It may just be me (because I got into this series fairly recently), but I felt ending the Blackwell games at Epiphany was a tad too premature. There were story threads that got swept under the rug and in general lots of unused world building that could have sustain the series for another game or two. Granted, given the ending, we could still see a sequel, but it won’t be the same given the way it ended. That said, if we can get a sequel, I’ll take it because I want to learn more about how a spirit becomes a guide (and the alluded to training of a spirit to become a guide), who that organization was that drained spirit energy and how they became aware of spirit guides, etc.

Other Games:

  • The Walking Dead: 400 Days (steam) – This is suppose to be more of a snack between Season 1 and Season 2 and it definitely felt that way. There were moments of the emotional drama that made season 1 so good seeping through, but in the end, each scenario is too short to really make you care about what happens to these characters.

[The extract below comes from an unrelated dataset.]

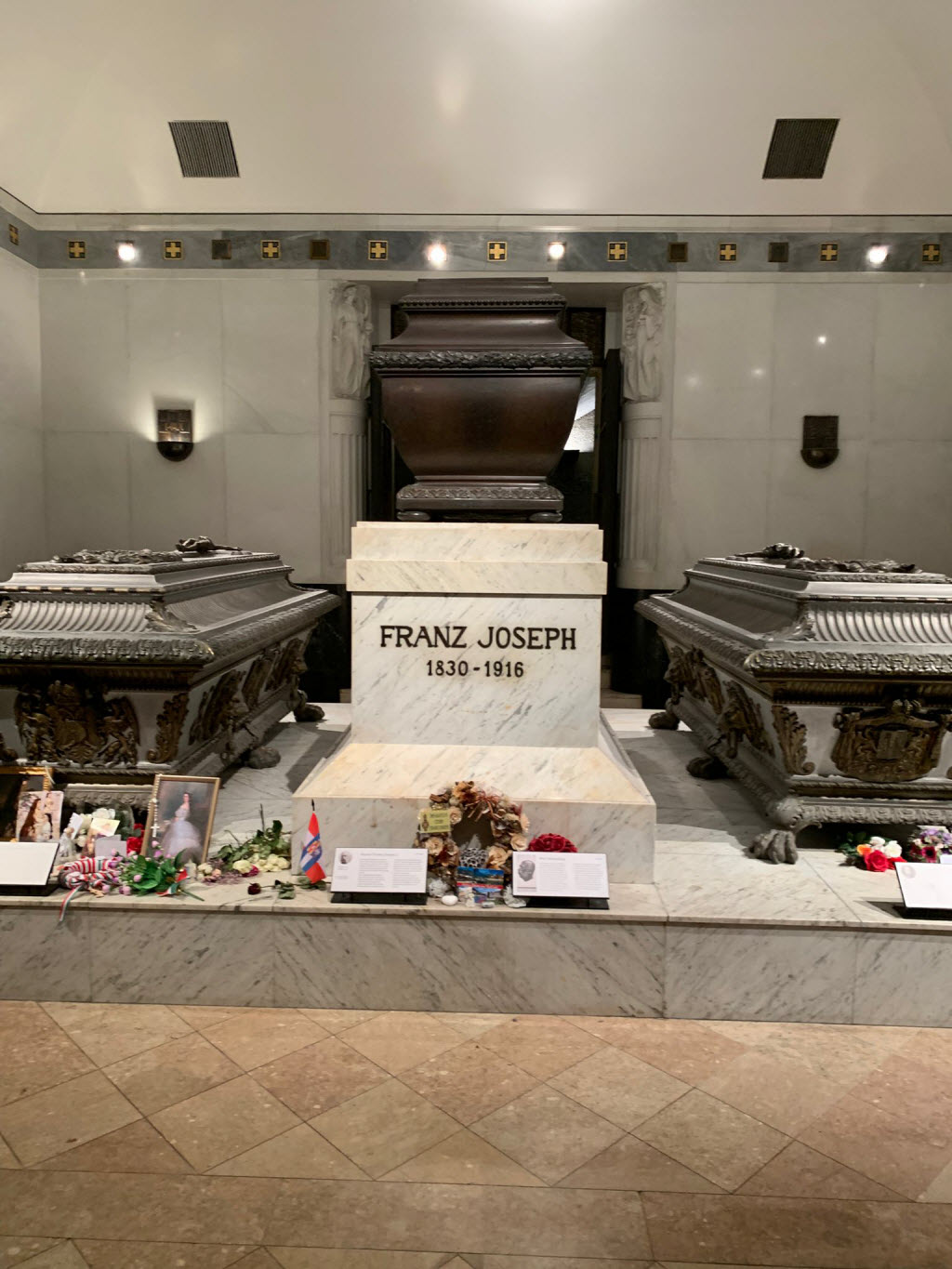Tag 2 begann man mit einer Führung auf dem Zentralfriedhof. Während Wien etwa 2 Millionen Einwohner hat, liegen hier auf 2 ½ Quadratkilometern rund 3 Millionen Gestorbene in ca. 330.000 Grabstätten. Beeindruckend dabei sind die vielen Ehrengräber, in denen u.a. Ludwig van Beethoven, Franz Schubert, Johann Strauss, Udo Jürgens, Curd Jürgens, Hans Moser oder Theo Lingen bestattet sind, während für Wolfgang Amadeus Mozart nur ein Denkmal steht, weil sich sein Leichnam auf dem Sankt Marxer Friedhof befindet. Das mit Abstand meistbesuchte Grab in der Gruppe der ehrenhalber gewidmeten Gräber ist jenes des 1998 verstorbenen Popstars Falco. Es hat sich zu einer regelrechten Pilgerstätte für Falco-Fans entwickelt.

  • Mario Kart 8 (Wii U) – I’ve only finished 50 CC and played a few online matches (terribly at that), but it’s an enjoyable game. I think I need to learn to use the gamepad because I’ve been finding the remote quite unresponsive at times. I like the aspect of unlocking kart parts (on top of the staple of unlocking characters). Unlocking things is addictive in general, so this just adds to that aspect. Truthfully though, I need to get back to it because I haven’t even been playing it all that much.
  • Breath of Death VII (steam) – As mentioned above, this one had a pretty silly premise. Although truthfully I did find the jokes and puns to be mostly miss for me. What stood out about this game instead was the music, which was surprisingly quite nice; and the twist on the turn-based formula. The longer you battle, the stronger your foes become. This forces you to really pull out all your stops to finish off the enemies and bosses as quickly as possible. Interested in the developer’s other game Call of Cthulhu too (which I do have on steam as well, so maybe I’ll play that this year).